I've done it in C++, so Rust is probably capable of it if you add enough layers of rc refcell and whatever else it requires to fit into its restricted worldview.
Does Rust actually have container implementations that do all of the following:
* When walking the container (either iterating or looking up, even through a non-mutable reference), call a user-provided predicate (not just builtin "weak" like many languages have via weakset/weakkeymap/weakvaluemap) to detect if a node should be considered "dead", and if so transparently remove the node. [In my experience this is relatively easy to add when you're implementing the container algorithms yourself, though I've never done it for bulk algorithms yet.]
* When looking up a key (which may have different type or identity), the lookup returns the actual key the container had. [This may be impossible for container implementations that split the key.]
Mutating a container through a shared reference means the container either has to be single-threaded (not marked as Sync/Send), or be thread-safe.
The single-threaded ones are easy to make, but Rust will prevent you from sending them to another thread, which is probably something you want.
For thread-safe things, look into the crossbeam crate, it has really good collections.
One I worked with was the dashmap, which has a .retain() method [1] that works over a shared map reference, but runs a closure which gets mutable access to each key and value, and decides whether to keep the pair or not.
Its .get() [2] uses equality (so you can use a different object), but returns a reference to the original key-value pair. The .get_mut() will return it as mutable, but inside a guard that keeps the item locked until it goes out of scope.
`.retain()` unfortunately isn't what I'm talking about, since it's at least O(n) per call. It might be better if you can arrange to call it just once after a batch of operations, but that isn't always the case.
"Delete as you go" usually† adds no space/time complexity to the operations you're already doing (though it does affect the constant factor). It does mean you're giving up on predictable destructor calls, but generally the "heavy" destructor was called by whoever made it expire (e.g. the death of the last remaining shared owner if that's what expiry is based on).
† If many expirations happen at once, this can easily drop to merely amortized time. It's also possible for a container to offer, say, O(1) iteration via dedicated pointers but have a delete operation that's more complicated.
To the first question, not really, and if it did it would be pretty fragile because of mutability requirements. It's fragile in C++ too because of iterator invalidation, Rust mostly turns that into a compiler error.
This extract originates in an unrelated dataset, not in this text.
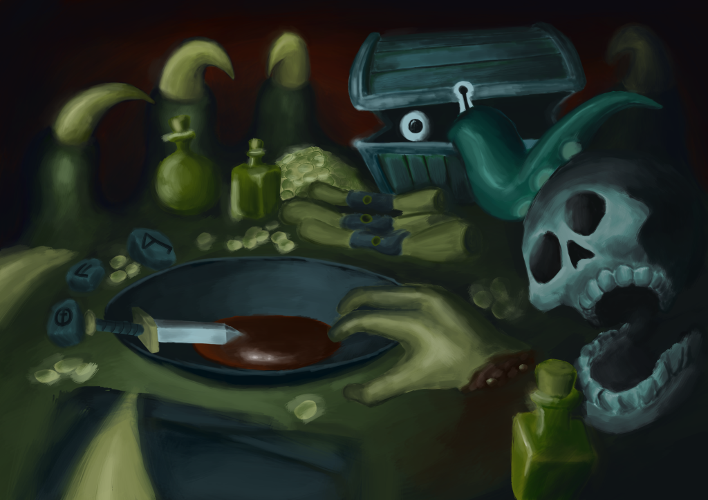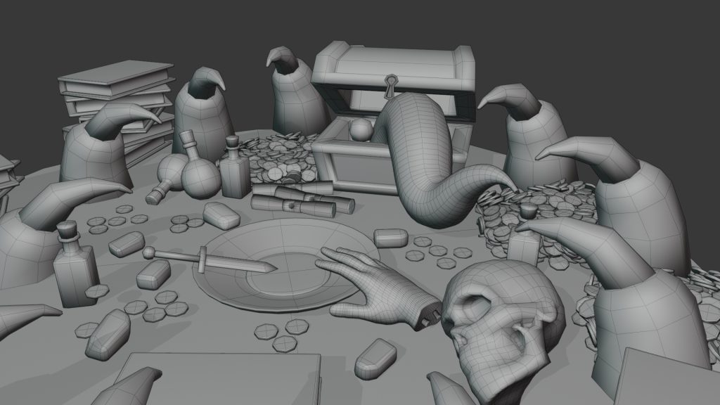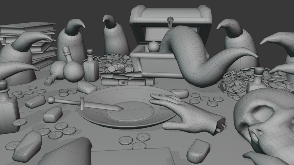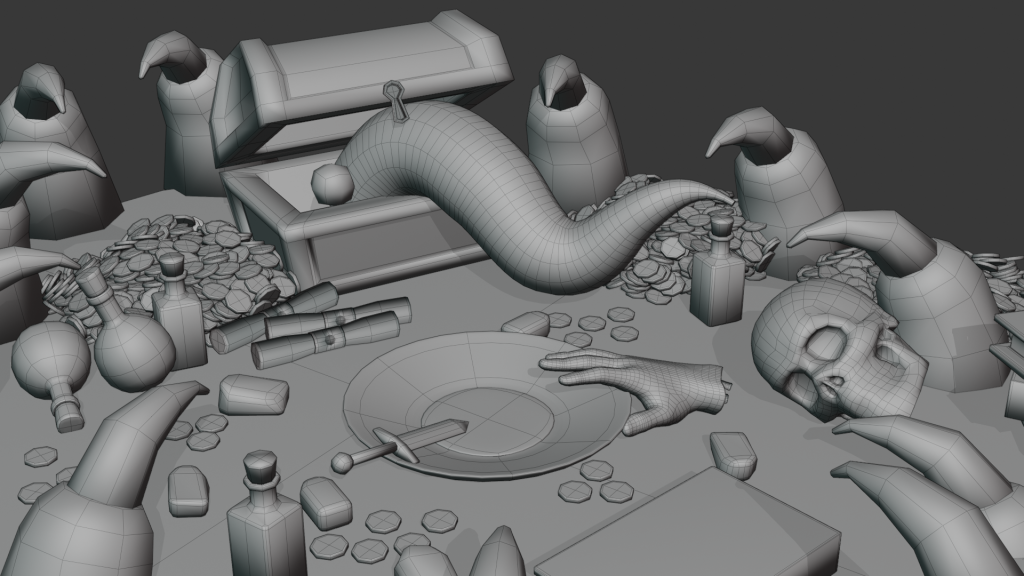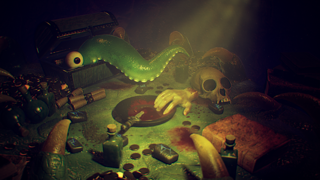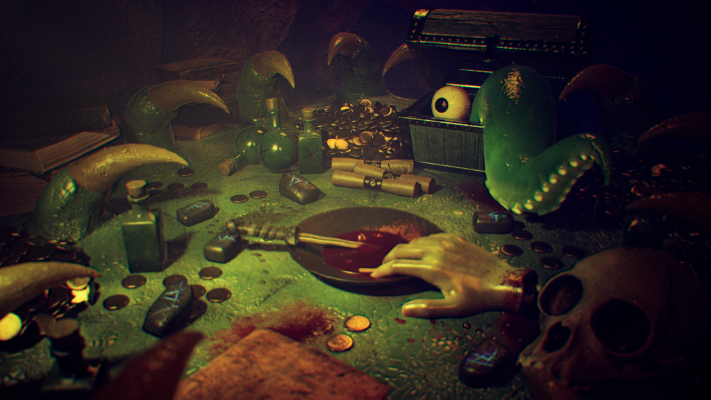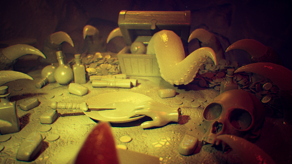 Created all of the 3D models using Blender and rigged and animated the chest and tentacle using Maya.
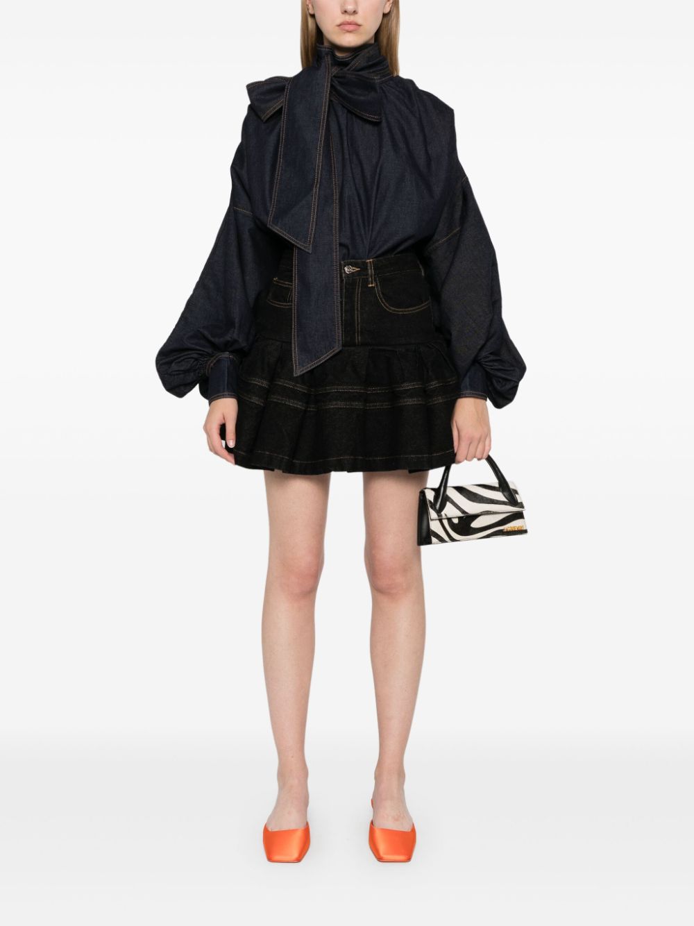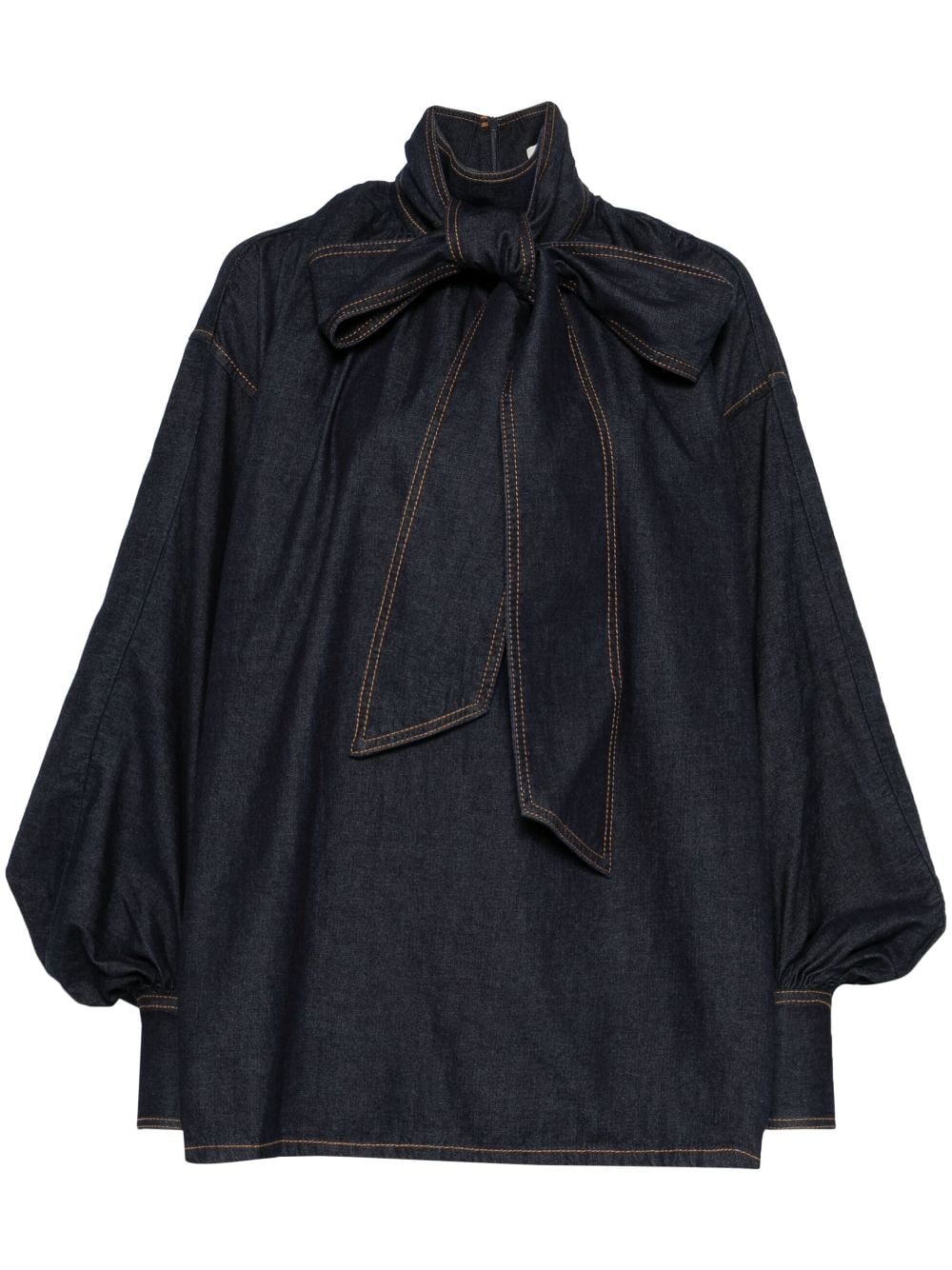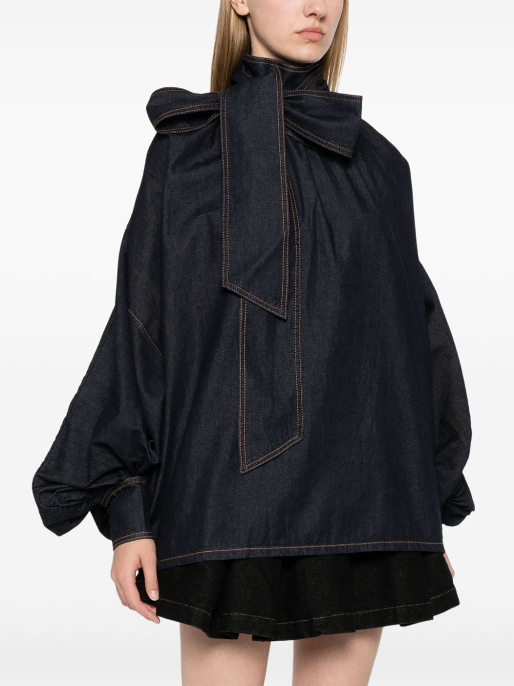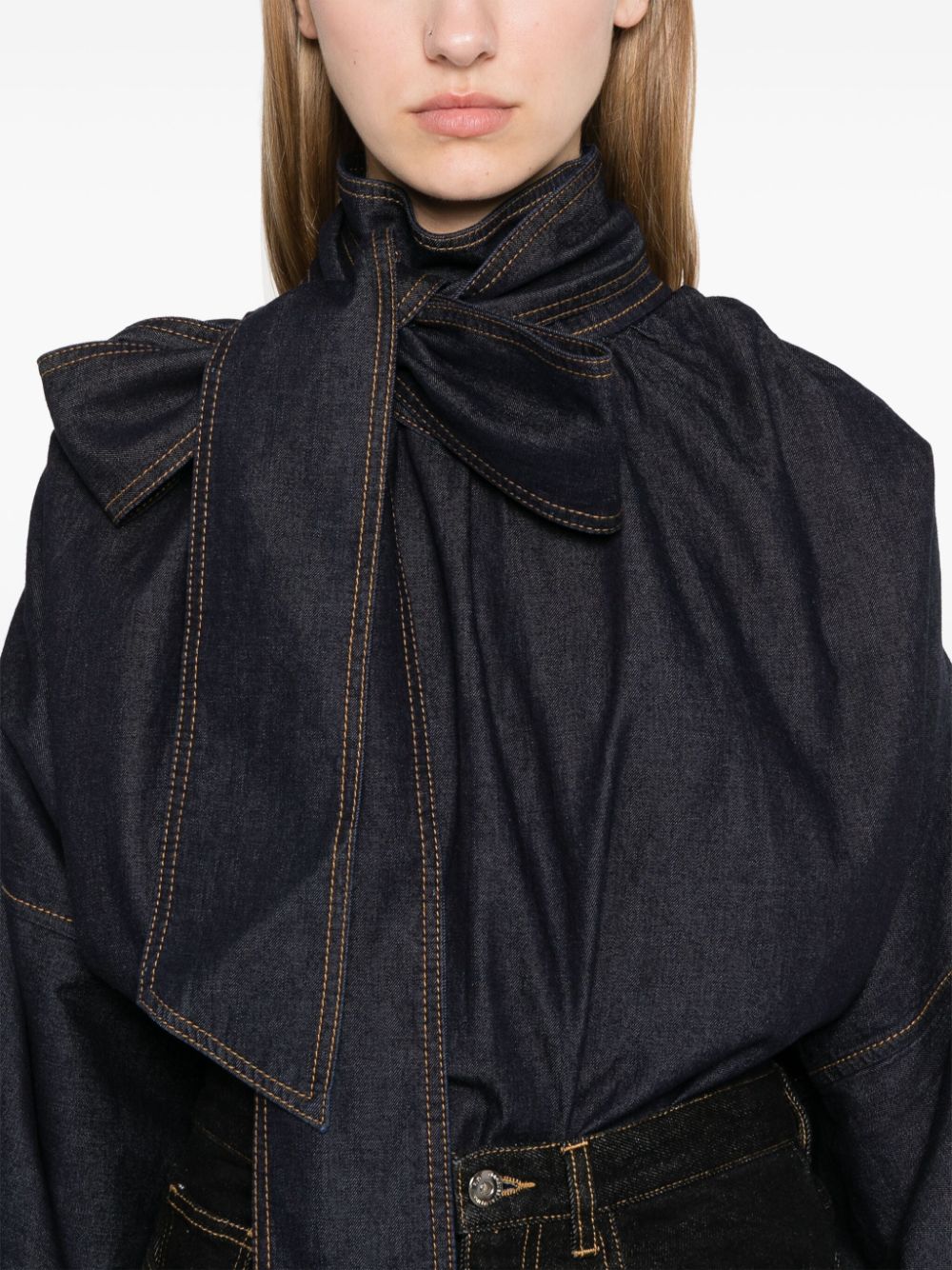Midnight Blue Cotton Denim Conclati di fissaggio posteriore Concesso di fissaggio a contrasto Halterneck Fissaggio a maniche lunghe con maniche abbottonate

I didn't have any problem with iterator/pointer invalidation (easy to merge into the same thing), since holding an active iterator inhibited expiration. It's possible to imagine an expiration system that doesn't automatically guarantee this but I didn't have one; the only non-weak-based expiry I had was based on timers, and it's sanest to only count time as elapsing at the heart of the event loop.
Why do so many languages make weak references such second-class citizens? Why do all containers suck so much that you have to implement your own (and that's hoping the language is actually efficient enough to let you?)